今回は、ブロックを壊したらアイテムが出現して、そのアイテムをゲットしたらなにか良いこと(悪いこと)が起こる仕組みを導入します。
- Mac mini (M1, 2020)
- Unity 2022.3.36f1
アイテムの導入
以下の7つのアイテムを作りました。
- ボールが速くなる
- ボールが遅くなる
- ボールが大きくなる
- ボールが増える
- ブロックが止まる
- パドルからミサイルが発射される
- ライフが増える
全部解説するのは大変なので、ボールが速くなるアイテムの実装を解説します。ほかもだいたい同じようなもんです。
アイテムのオブジェクトを作成
ブロックが破壊されたら一定の確率でアイテムが出現して、物理法則に則って落下していくようにします。そのアイテムのプレハブを作ります。

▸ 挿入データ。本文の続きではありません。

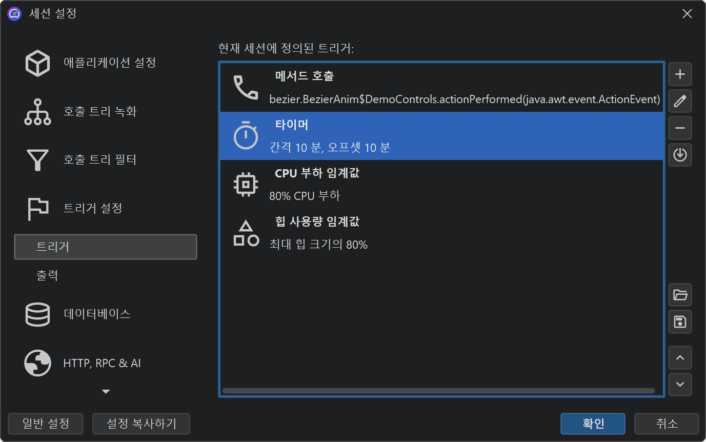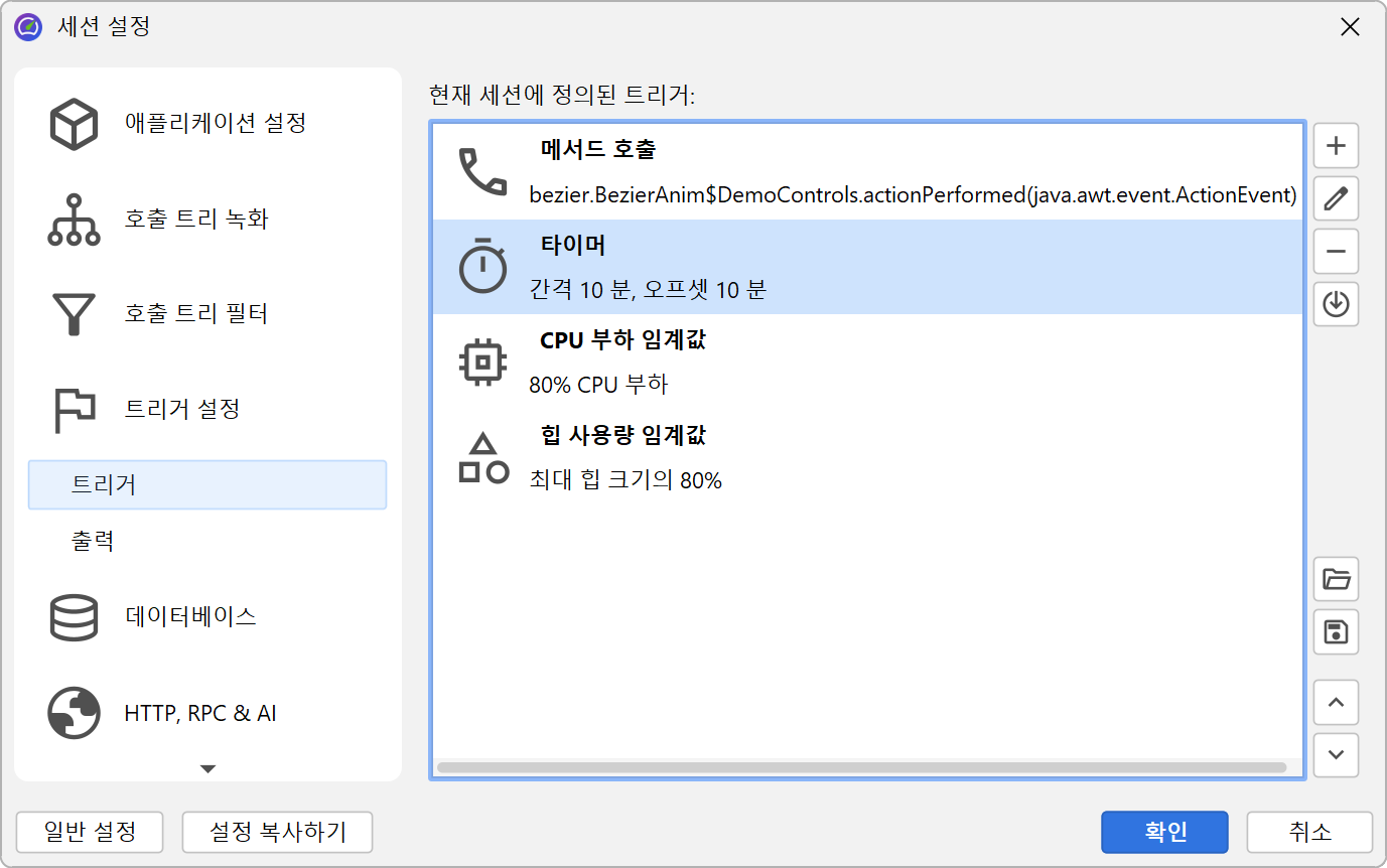 트리거를 사용하면 소스 코드를 수정하지 않고 JProfiler GUI에서 모든 프로파일링 작업을 지정할 수 있습니다. 트리거는 JProfiler 구성 파일에 저장됩니다. 구성 파일과 세션 ID는 오프라인 프로파일링이 활성화된 상태로 시작할 때 명령줄에서 프로파일링 에이전트에 전달되어, 프로파일링 에이전트가 해당 트리거 정의를 읽을 수 있습니다.
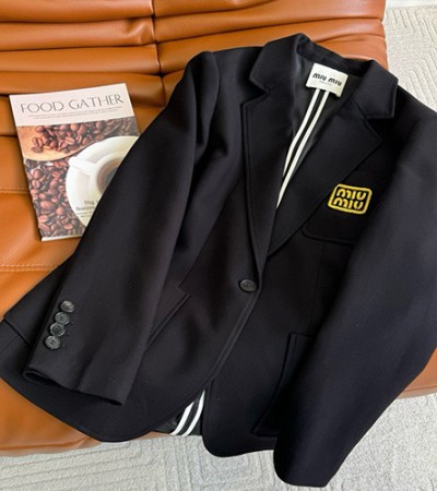 • [홍콩명품,MIU MIU] 미우미우 24SS 로고 자수 여성 정장 수트 자켓 (블랙), BM16527, DT, 홍콩명품의류,구매대행,온라인명품
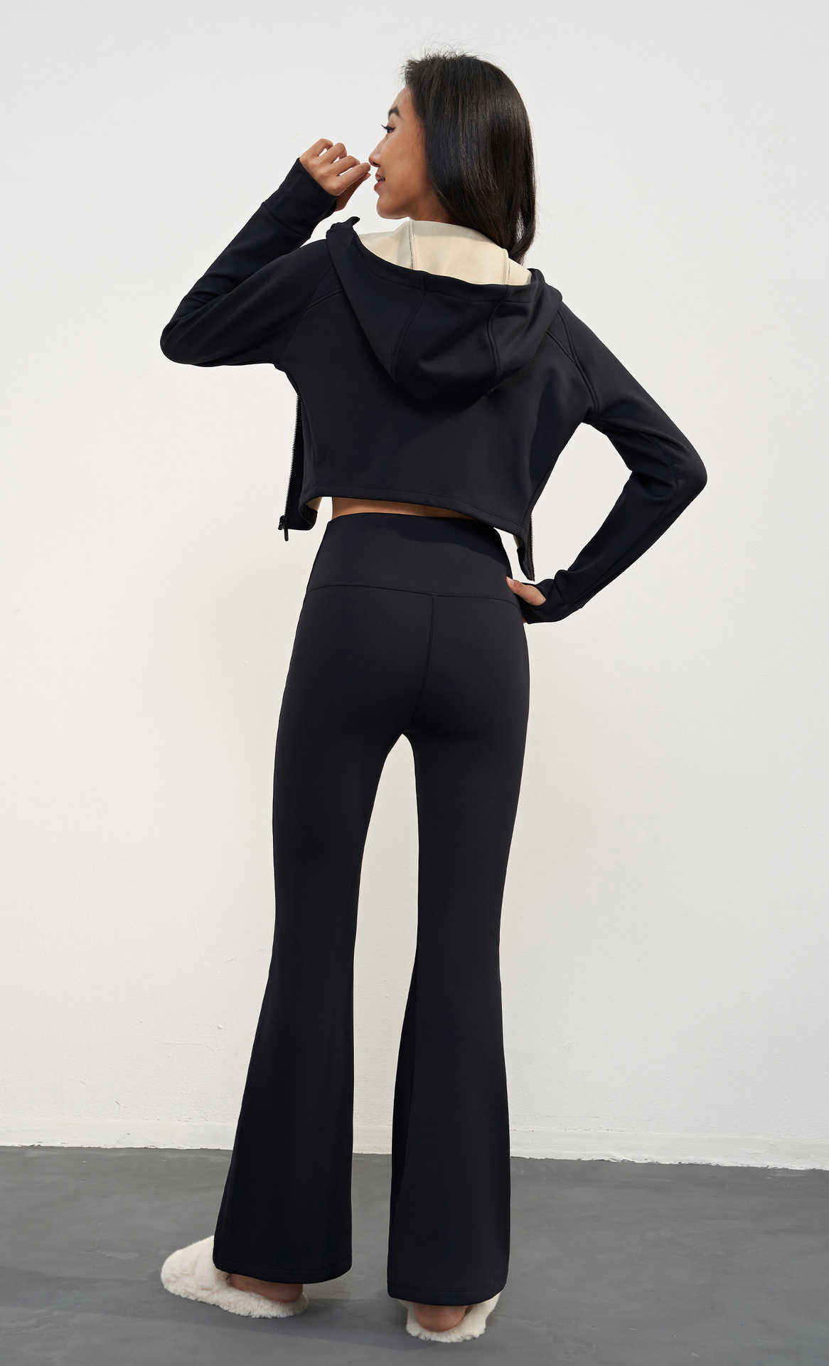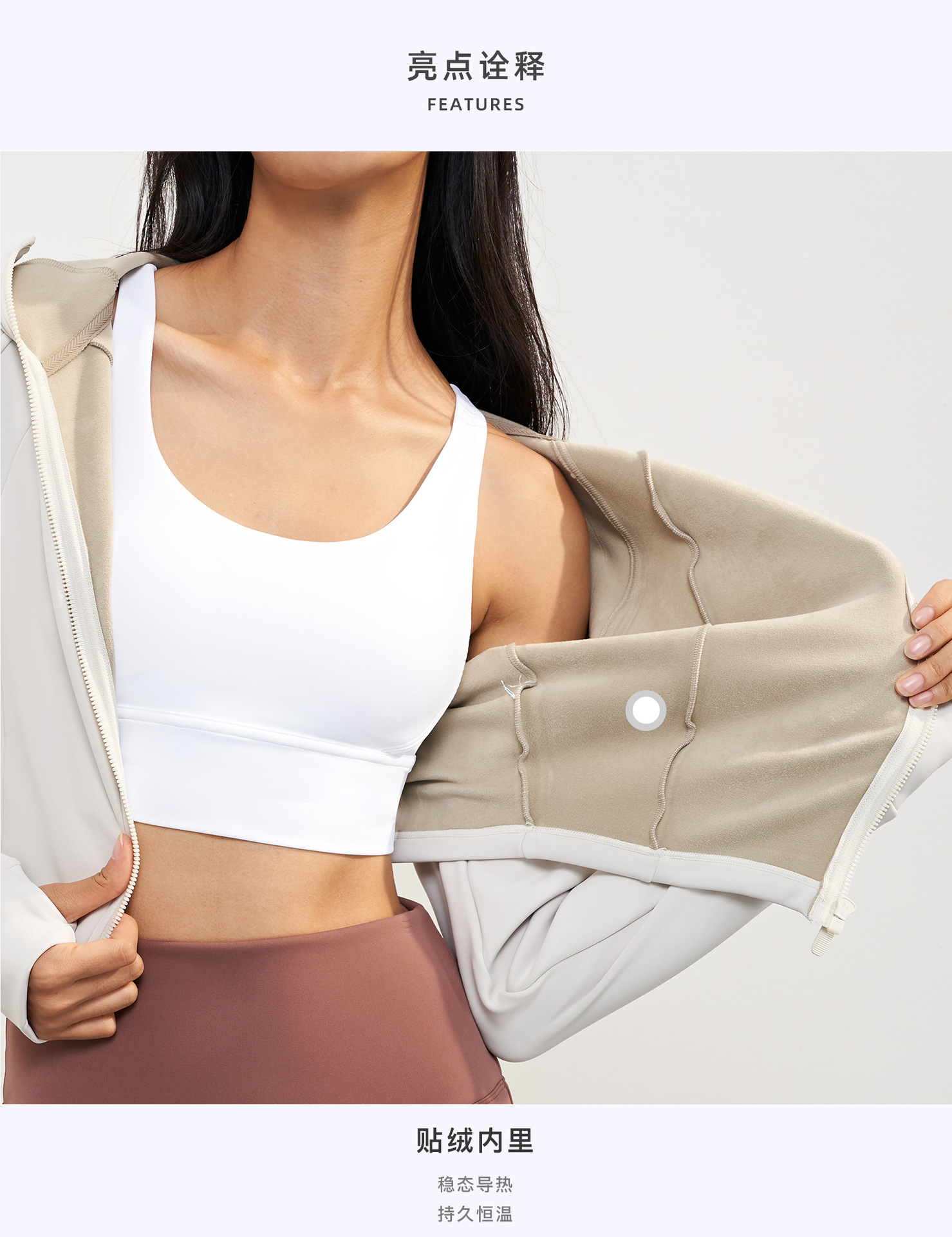 LNU贴绒连帽立领运动外套秋冬短款修身显瘦上衣女运动瑜伽健身服AD 00 WT1606
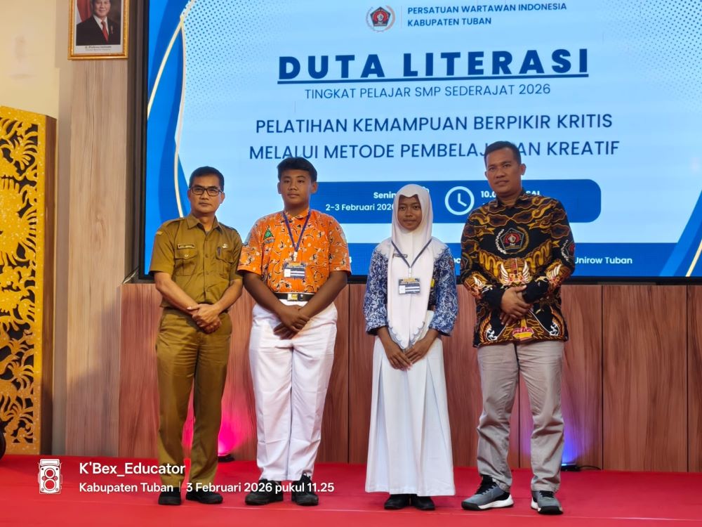 TUBAN, iNewsTuban.id - Persatuan Wartawan Indonesia (PWI) Kabupaten Tuban, Jawa Timur menggelar kegiatan Duta Literasi Pelajar Sekolah Menengah Pertama (SMP)/Sederajat se-Kabupaten Tuban.

アイテムの形は何でもいいのですが「2D Object > Sprites > Circle」にしました。見た目を変えたいならば、画像を貼り付けたり色を変えたり大きさを変えたりします。
このアイテムは物理法則に則って落下させるので、「Rigidbody 2D」コンポーネントを追加します。そして以下のように設定します。
項目 | 値 | 説明 |
---|---|---|
Body Type | Dynamic | 物理法則に従って動かす |
Mass | 1 | 質量 |
Linear Drag | 0 | オブジェクトが直線運動するときの抵抗 |
Angular Drag | 0 | オブジェクトが回転するときの抵抗 |
Gravity Scale | 0.05 | 重力の強さを調整する係数 |
MassとGravity Scaleの値を変更すれば、アイテムの落ちかたが変わります。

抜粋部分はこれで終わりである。